In particular, SCAP is concerned about a 25 percent cut proposed for the state’s Homeless Intervention Project, which provides support services to people who are facing eviction, and the organization’s career readiness program, which helps the unemployed re-enter the work force. Next year’s budget does not contain funding for the career readiness program, but Schimpf has been told the funds will be restored.

At The Homeless and Travelers Aid Society in Albany, the number of homeless families seeking help jumped 40 percent in the second half of 2008, according to Ira Mandelker, the executive director at HATAS. “It’s hard to say if things were better during the first half of the year,” he said. “It could very well be that families were homeless, but staying with friends or family, and then that fell apart.” In the first half of 2008, HATAS aided 256 families; in the second half, 367.

The number of homeless families headed by two parents seems to be on the rise, Mandelker said. In the past, between 5 percent and 10 percent of homeless families seeking help from the society were headed by two parents; more recently, that percentage has climbed to 15 percent to 20 percent. “It used to be more unusual to see a mother and father come in with a family,” he said. “Someone in the household either lost work hours, or a job.”

Mandelker said that so far this year the number of homeless families looking for help is on the rise.

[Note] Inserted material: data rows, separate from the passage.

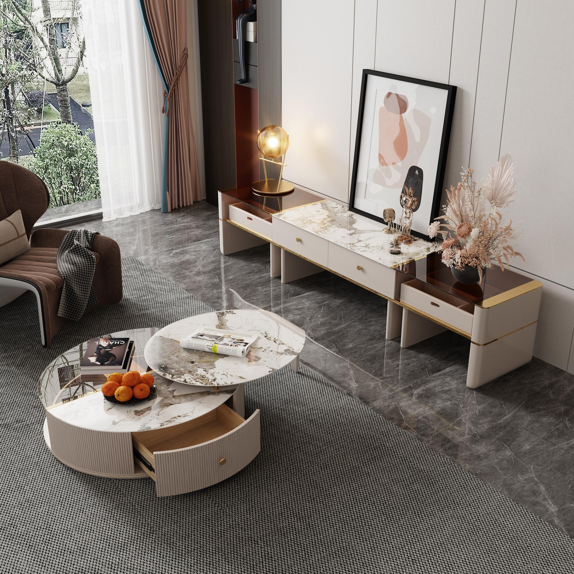 - The sintered stone table contains drawer storage and the round table can be freely moved and placed which can be used as a separate side table.
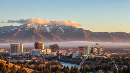 The Reno, Nevada skyline is illuminated by the warm golden light of sunrise, with snow-capped mountains forming a backdrop. A gentle mist hovers in the valley, partially obscuring the lower parts of the city. The iconic Reno arch sign stands prominently, welcoming visitors. Modern buildings and skyscrapers rise above the surrounding landscape, creating a striking contrast between urban development and the natural beauty of the arid mountain environment.
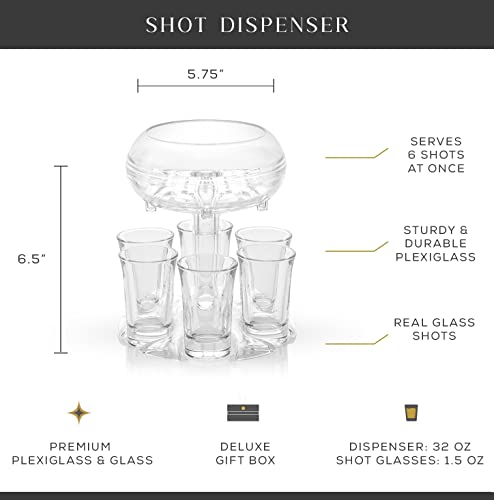6 Shot Glass Dispenser & Shot Glasses Set, 32oz Liquor Dispenser
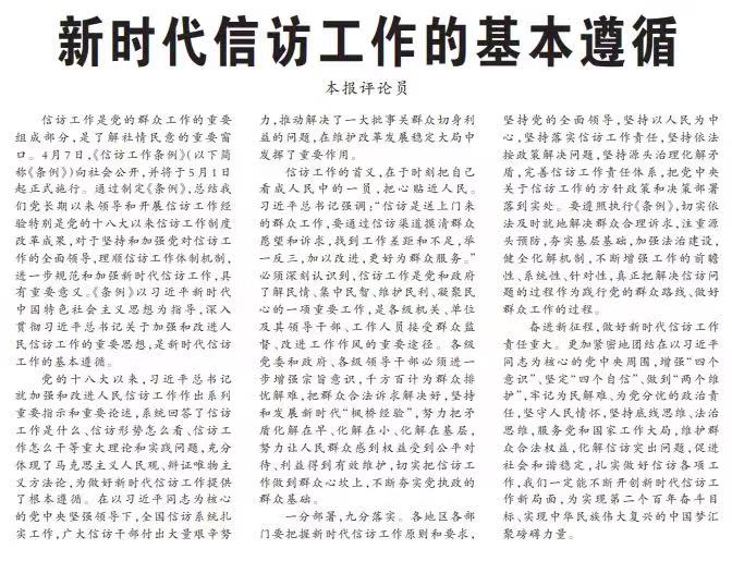 信访工作是党的群众工作的重要组成部分,是了解社情民意的重要窗口。4月7日,《信访工作条例》(以下简称《条例》)向社会公开,并将于5月1日起正式施行。通过制定《条例》,总结我们党长期以来领导和开展信访工作经验特别是党的十八大以来信访工作制度改革成果,对于坚持和加强党对信访工作的全面领导,理顺信访工作体制机制,进一步规范和加强新时代信访工作,具有重要意义。《条例》以习近平新时代中国特色社会主义思想为指导,深入贯彻习近平总书记关于加强和改进人民信访工作的重要思想,是新时代信访工作的基本遵循。
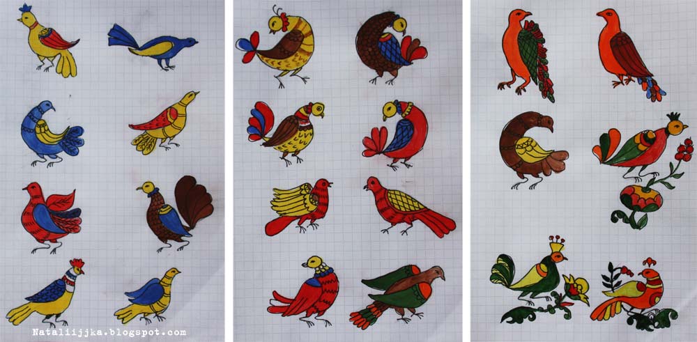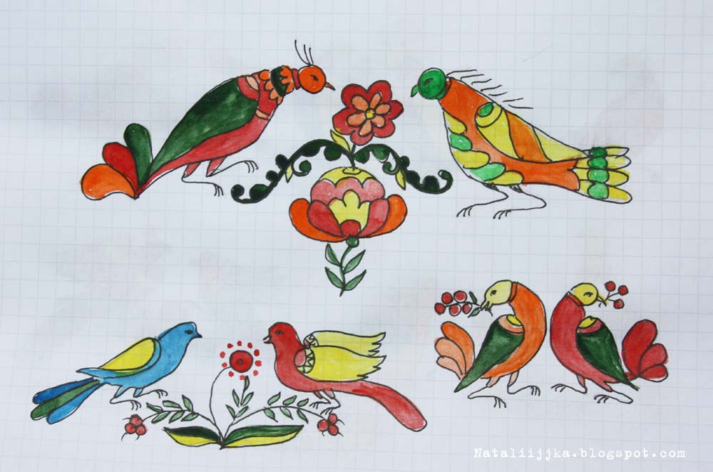 [показать]Продолжаем рисовать - теперь в блоге Северные росписи. Сегодня покажу самое начало нового этапа в проекте - первый урок по Борецкой росписи. Впечатления - разнообразно, ярко, радостно, но - трудно. Самой большой сложностью показалась черная обводка. На первом рисунке пробовала делать ее кисточкой.

In January, HATAS saw 53 families, compared to 40 families in January 2008.

staying homeless longer

Many of these families are temporarily housed in hotels. But the length of stay is increasing as it becomes harder to find housing and employment and shelters grow more crowded. In 2008, 55 percent of the families who sought help from HATAS were placed in hotels; in 2004, less than a third of families were sent to hotels.

“It’s harder and harder to get people out of shelters and into housing,” Mandelker said. “People are staying in shelters longer. It’s not unusual for us to have more than 30 people staying in a hotel.”

Saccocio said that the people who stay at the City Mission’s shelters do not leave as quickly as in the past. “There are not as many jobs,” he said. “People are staying longer. We’re seeing extreme winter numbers.” Approximately 65 people stay at the mission’s men’s shelter each night, and the Family Life Center, which has nine apartments for women, as well as some extra beds, is at capacity.

According to the report, upstate cities have “surprisingly” high child poverty rates. In Buffalo, Rochester, Syracuse and Utica, more than 40 percent of children live below the poverty line. Statewide, the percentage of children living in poverty is 19.6 percent.

Harlow, of state Community Action, said, “If 40 percent of children in cities are living in poverty, that should be a real wake-up call.” She said high poverty rates in upstate cities can be partly attributed to the loss of manufacturing jobs. “There are not opportunities for people,” she said. “The jobs are not there.”

Poverty also disproportionately affects minorities. While one out of every 10 whites live in poverty, more than one in five blacks and one in four Hispanics are poor.

Schimpf believes that this year’s report is more accurate than last year’s because the figures are based on several years worth of data, rather than one. The 2007 report said that Schenectady County had a poverty rate of 9.9 percent; Schimpf said she wasn’t surprised to see that this year’s report listed the rate at 11.4 percent. “Last year, when we saw the statistic for the county, we didn’t think it was accurate,” she said. “We believed the poverty rate to be higher, and we weren’t surprised to see that it was.”

In Schenectady, “We have a community in distress.”